Awaiting takeoff, seatback grinding your knees, seatmate snoring, babies wailing and you wonder — who's to blame?
Well, Count von Zeppelin, it turns out.
And now we're celebrating a century of his 1909 bright idea: passenger airline travel.
"Really, it was sort of a desperation measure," says historian Ron Davies of the Smithsonian's National Air and Space Museum in Washington, D.C. "He couldn't sell enough of his zeppelins to the military, so he decided to sell tickets."
Once Europe's most famous man, Count Ferdinand Adolf Heinrich August Graf von Zeppelin started up the first air service for paying passengers this month in 1909, says Davies, author of Lufthansa: An Airline and Its Aircraft. From 1910 to 1914, more than 34,000 passengers, many of them military officers sizing up airships as weapons, sailed the friendly skies aboard zeppelins.

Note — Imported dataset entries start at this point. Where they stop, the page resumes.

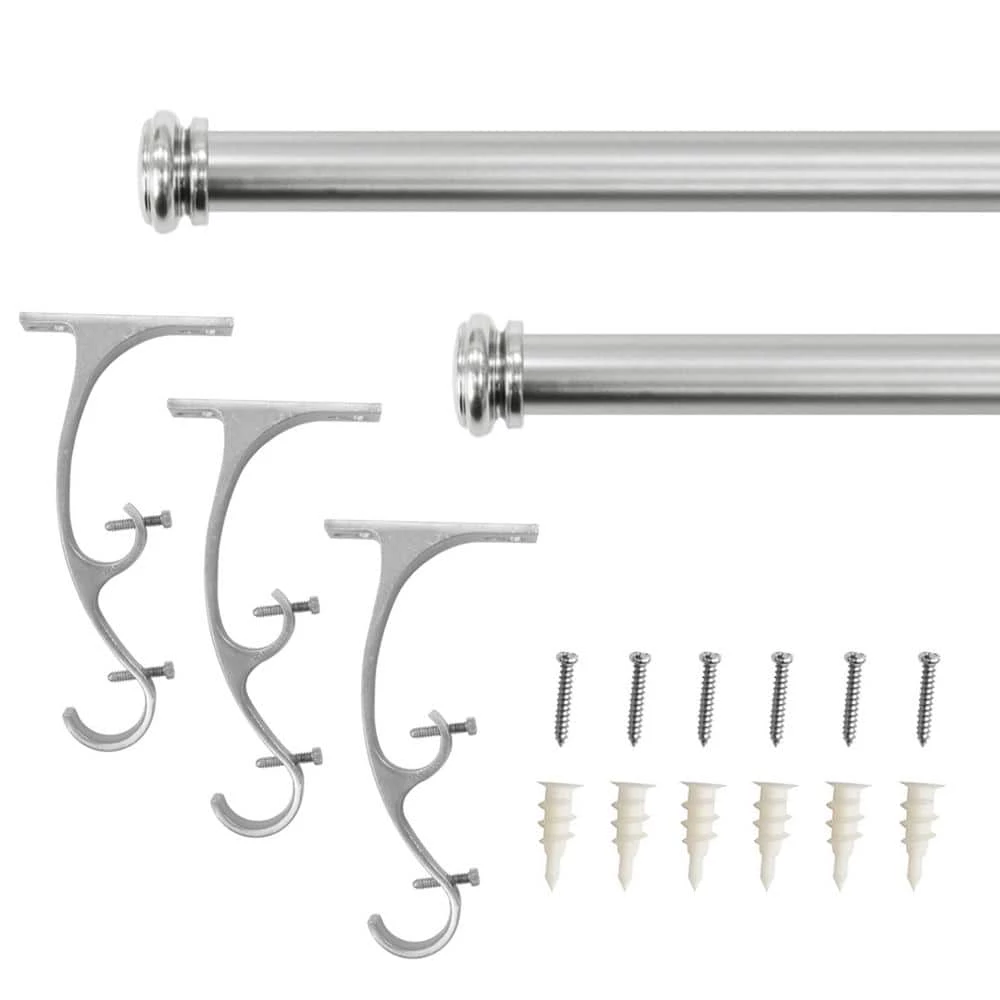 This all-inclusive Brushed Nickel Double Drapery Rod Kit beautifully adorns your stylish window treatments. Featuring a versatile finish that complements a variety of decor styles. This kit includes a 50 in. – 144 in. telescoping pole, two 3/4 in. endcaps, brackets and mounting hardware for a quick and easy installation.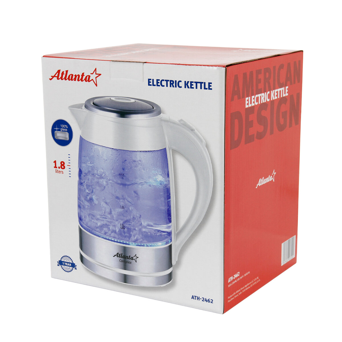 ATH-2462 (white) Чайник стеклянный электрический, Atlanta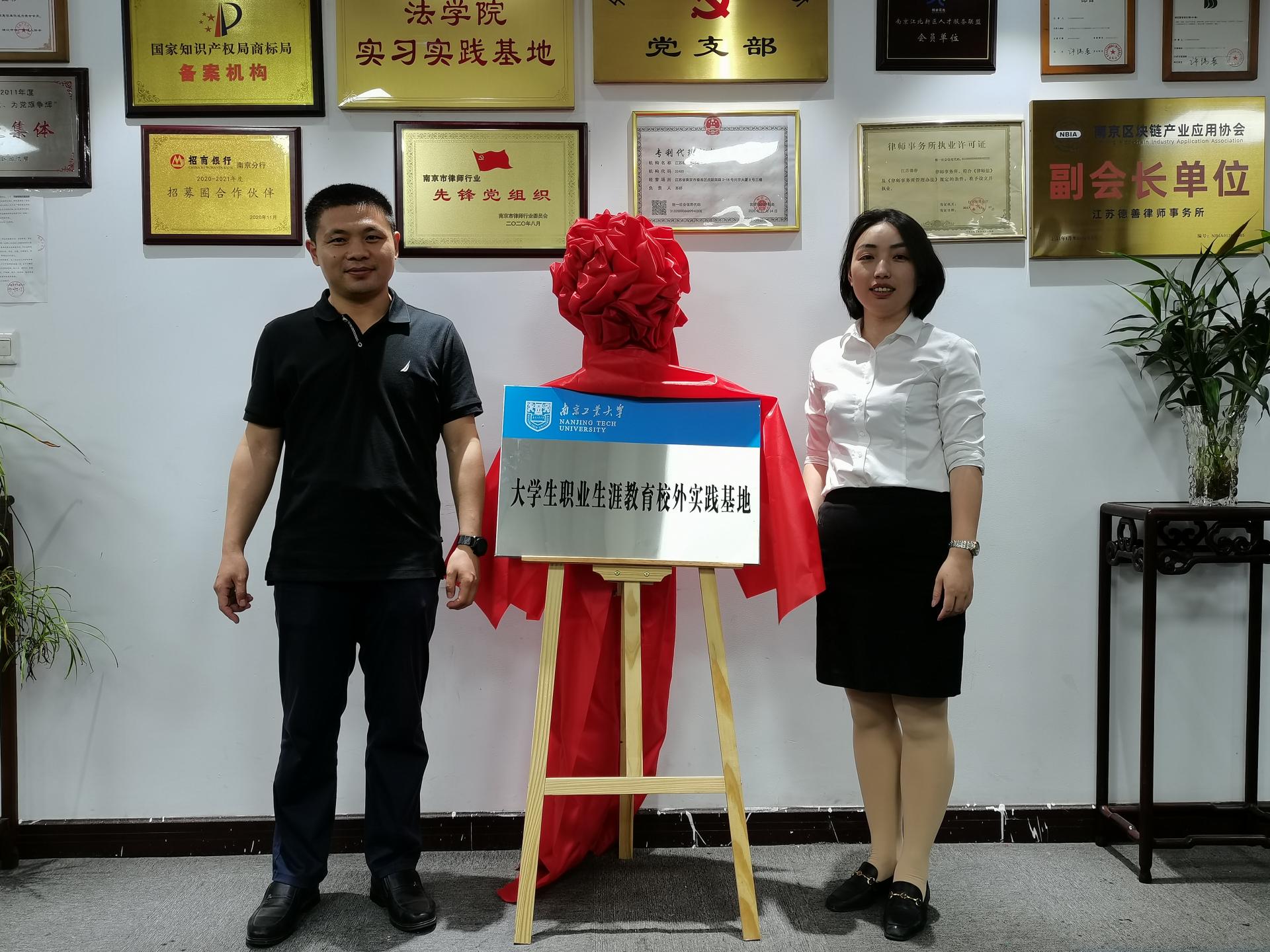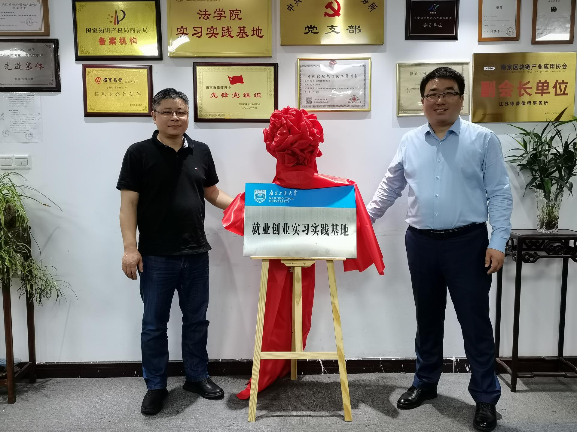 5月27日下午,太阳成tyc33455ccwww与江苏德善律师事务所签订就业创业实习实践、老员工职业生涯教育实践基地协议并挂牌。公司法学03届员工江苏德善律师事务所主任赵小宝、陶志杰,江苏德善律师事务所南京、无锡、苏州地区负责人,法政公司党委副书记姜志兵、副经理张治宇、学办主任曹蕾等参加仪式。

The technology died away, not that there aren't some who would love to resurrect the civility of such gentle air travel today. But the echoes of Zeppelin's creations are seen still in the blimps (which differ from zeppelins in their lack of a rigid structure) floating over sporting events, and NASA's eight-hour flight Oct. 6 to monitor environmental conditions over San Francisco from the Zeppelin NT004 Eureka, owned by Airship Ventures of Moffet Field, Calif.

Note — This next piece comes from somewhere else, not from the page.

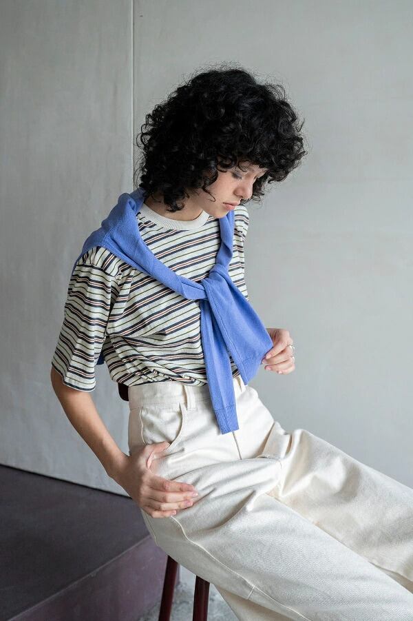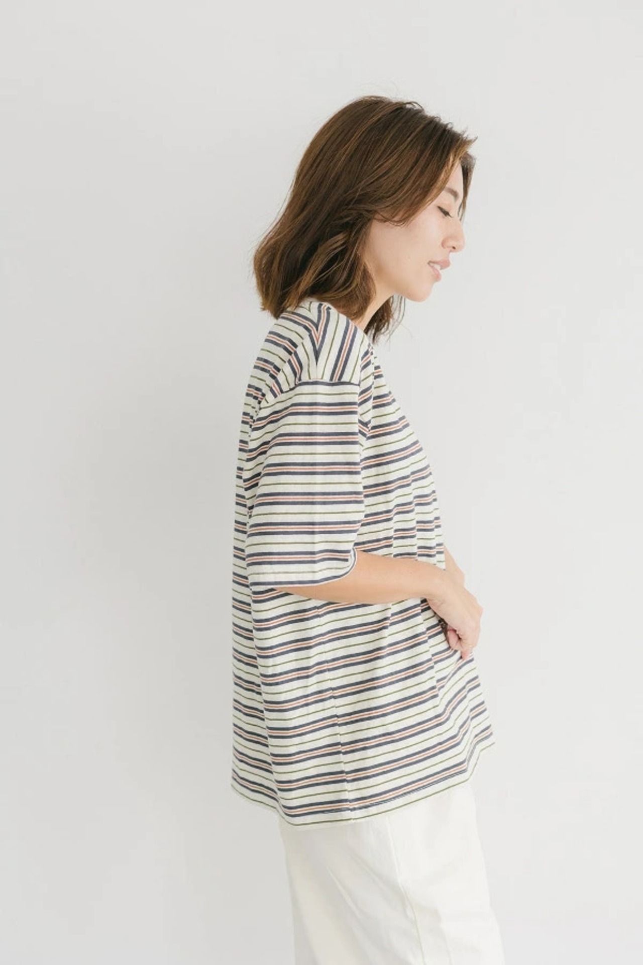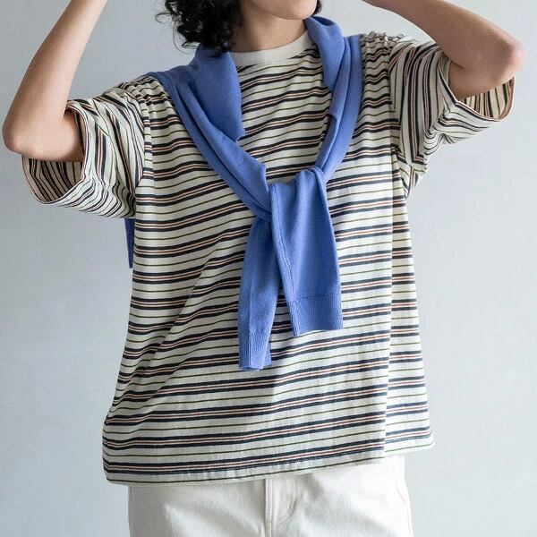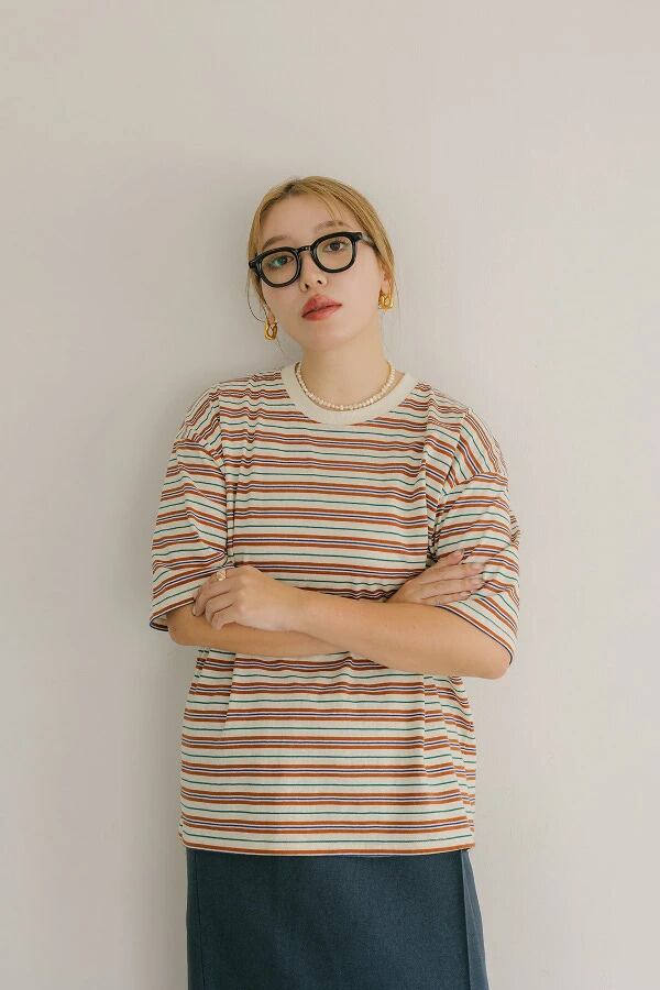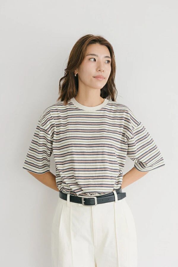 ベーシックで使いやすいゆったりシルエットのTシャツ。 コーディネートのアクセントとして使えるマルチボーダー柄を採り入れました。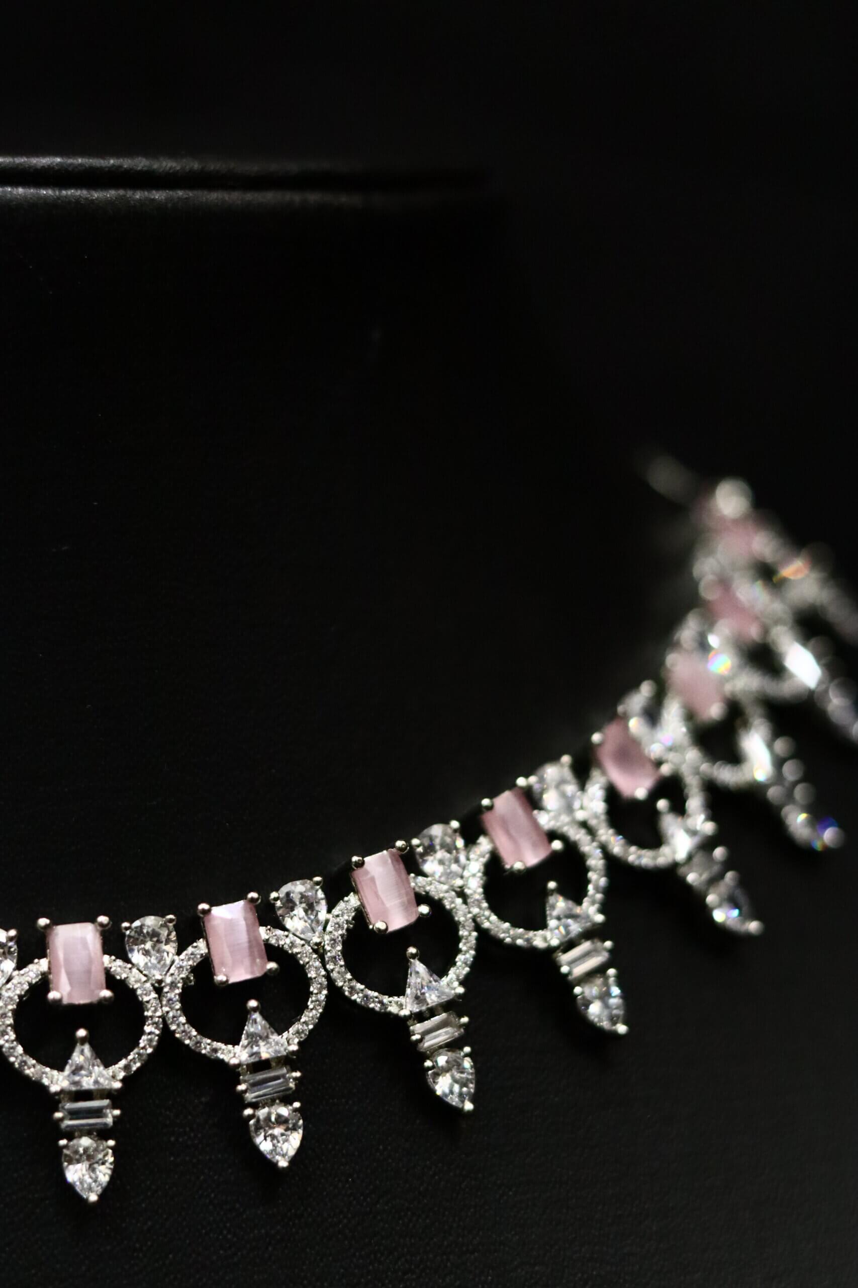 Featuring soft pink gems framed in intricate silver-toned settings, this choker brings a subtle yet captivating sparkle to any ensemble. The tiered hanging drops add gentle movement, while the matching earrings reflect the same elegant geometry in a sleek form. Ideal for light festive occasions and evening celebrations.

Despite the checkered history of airships, and the later Hindenburg disaster, the first zeppelin airline suffered no passenger crashes. The fare for a four-hour flight from Duesseldorf to Lucerne, Switzerland, was 15 English pounds according to London's Daily Mail, about $1,860 in average earnings today. But for the money, the early jet-set enjoyed first-class treatment.
"All passengers even got to enjoy a cold fare on board, complete with wine or Champagne," says historian Guillaume de Syon of Albright College in Reading, Pa., author of Zeppelin! Germany and the Airships, 1900-1939. "While there indeed were airlinks in southern Germany, most passengers appear to have bought the round-trip to sightsee. The travel experience was reportedly quite pleasant, as the airships only flew in fair weather with low winds during the summer season."